17 filles vs Juno : le match

La sortie de 17 Filles, où 17 ados décident de tomber enceintes en même temps, ramène forcément à l'autre film qui parle de la grossesse adolescente, Juno. Comparatif.

17 filles vs Juno : le match

Elles ont 16 ans et une grossesse sur les bras : une anecdote qui inspire le cinéma.

Petit comparatif entre 2 films qui mettent en scène ces adolescentes enceintes, et envoient bouler les idées reçues, loin des reportages neuneus dans ta télé sur les « filles-mères ».

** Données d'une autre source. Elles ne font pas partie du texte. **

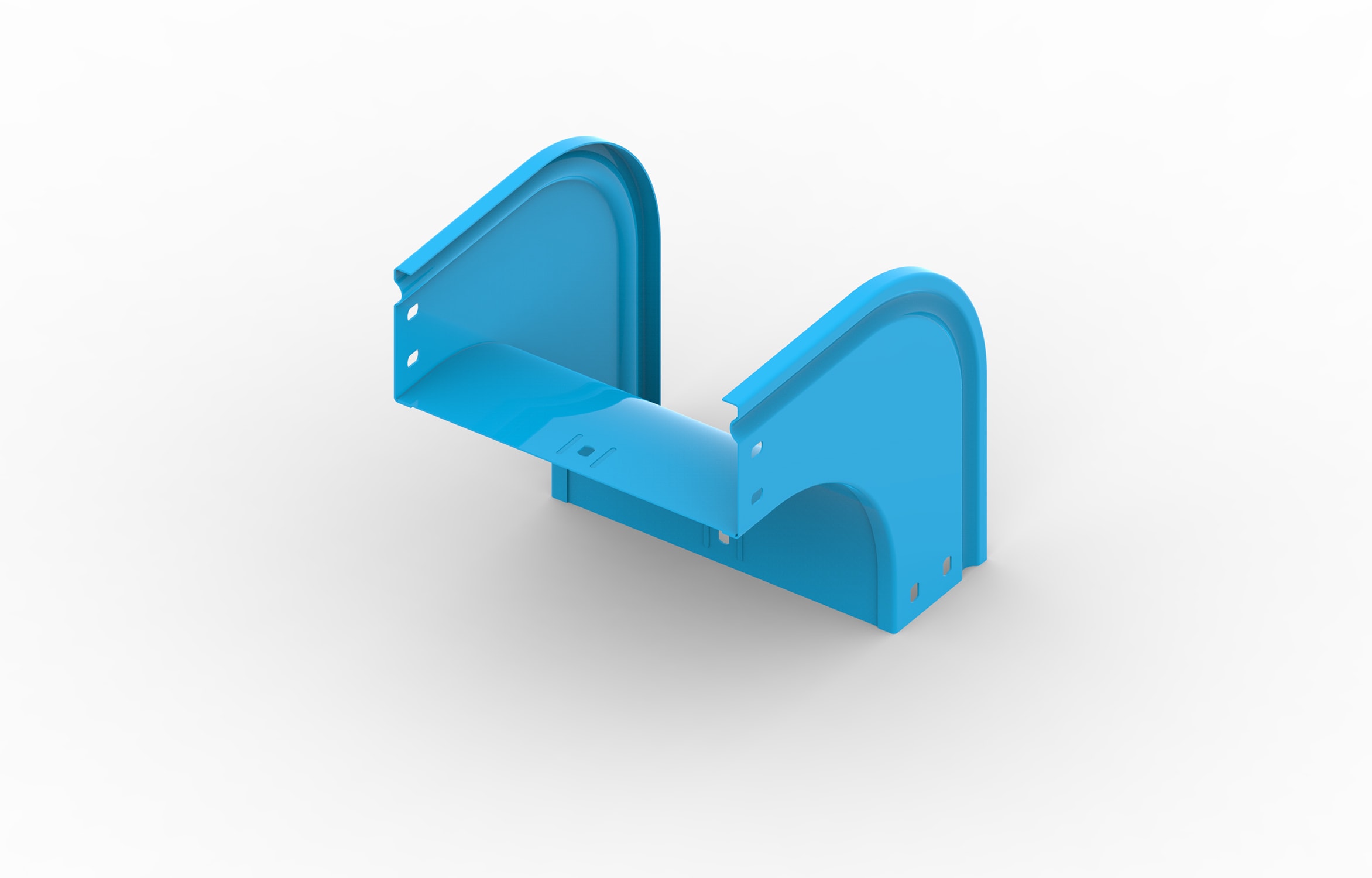 Articolo della serie FEMI3 costituito da elemento discesa 90°, raggio R=100mm, in acciaio al carbonio zincato sendzimir con trattamento di protezione superficiale tramite verniciatura a polvere epossipoliestere a circa 180 °C. Colorazione standard blu RAL 5012, disponibili altri colori a richiesta. Si raccomanda per installazioni interne.

À ma gauche, Juno, petit film américain de Jason Reitman, sorti en 2008 et Oscar du meilleur scénario. À ma droite, 17 filles, premier long-métrage des françaises Delphine et Muriel Coulin, sorti le 14 décembre 2011.

Le Club des Gros Bides

Crédibilité de l’histoire

17 petites nanas qui décident d’être enceintes en même temps (et y parviennent), ça paraît trop gros pour être vrai. Mais pas plus gros qu’une seule qui cherche le couple idéal à qui refiler son nourrisson comme un bouquet de fleurs. Diablo Cody, la scénariste un peu barrée de Juno affirme que son personnage est semi-autobiographique. L’histoire de 17 filles, bien capillotractée, s’inspire d’un fait divers paru dans Libération en 2008 : un pacte conclu par des adolescentes de Gloucester dans le Massachusetts. Trop puissant t’as vu. Dommage que les deux réalisatrices se servent de cet argument pour donner du poids à 17 filles en le répétant partout, y compris au début du film.

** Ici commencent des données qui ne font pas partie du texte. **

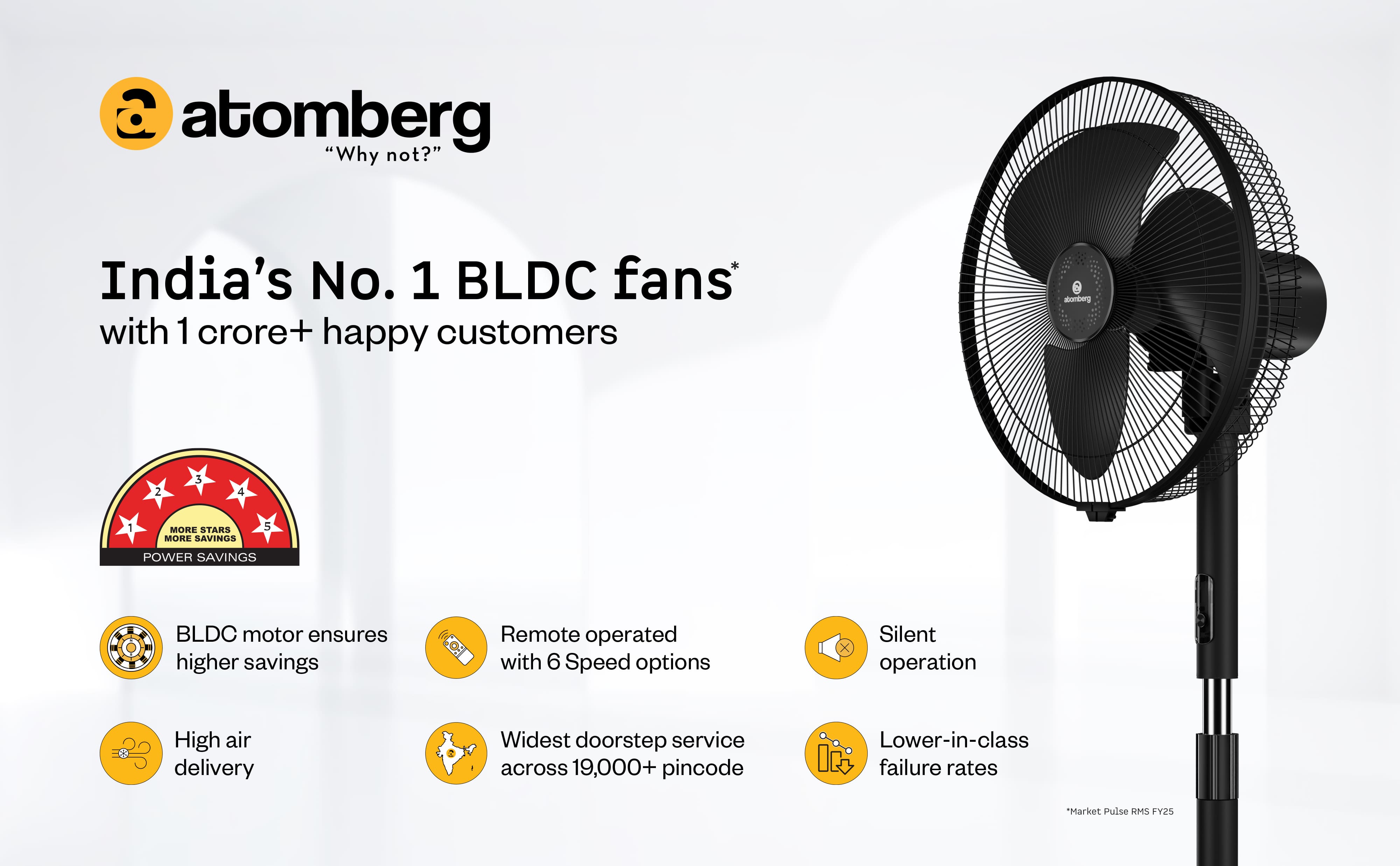 Save energy while staying cool with Atomberg’s BLDC stand fans, the smarter way to beat the heat.

Par la force des choses, le premier point revient à 17 filles.

La grossesse

Dans les deux cas, elle part d’un accident. Après le test du « + rose », les héroïnes décident de garder le bébé — la question de l’avortement est à peine effleurée dans Juno et carrément absente de 17 filles. Juno l’assume comme une différence, et pense d’abord au bonheur du nouveau-né. Pour Camille, qui incite ses 16 copines à l’imiter, la grossesse est le symbole de sa propre émancipation. Les filles croient contrôler leur corps et leur vie future. L’idée est un peu naïve, voire saugrenue. On se demande ce qu’en penseraient les mouvements féministes qui ont longtemps réclamé la contraception comme moyen de libération.

Seule ou en groupe, la grossesse reste source d’angoisse. C’est pourtant dans 17 filles qu’on la ressent le mieux : les corps sont filmés de si près qu’on croit les toucher.  Cette proximité a quelque chose de franchement dérangeant, parce qu’elle renforce le décalage entre les silhouettes d’ados et ces ventres de… femmes (en tout cas, dans l’inconscient collectif).

Le nouveau point va donc à 17 filles qui te met biiien mal à l’aise (au point de fixer ton nombril avec inquiétude après la séance).

Réactions de l’entourage

Soutenue par ses proches, Juno se fout pas mal de l’avis du reste du monde. Le film n’y va pas par 4 chemins pour parler douleurs gastriques et gonflements. On imagine que ça ne se passe pas aussi facilement dans la vraie vie.

17 filles est plus réaliste. Une belle scène de travelling sur une réunion de profs montre le désarroi ou la compassion des adultes. On cherche des coupables et des explications. Les parents s’énervent puis se résignent. Les mecs servent de faire-valoir à la bande des filles, qui vivent collées comme des tubes de superglue.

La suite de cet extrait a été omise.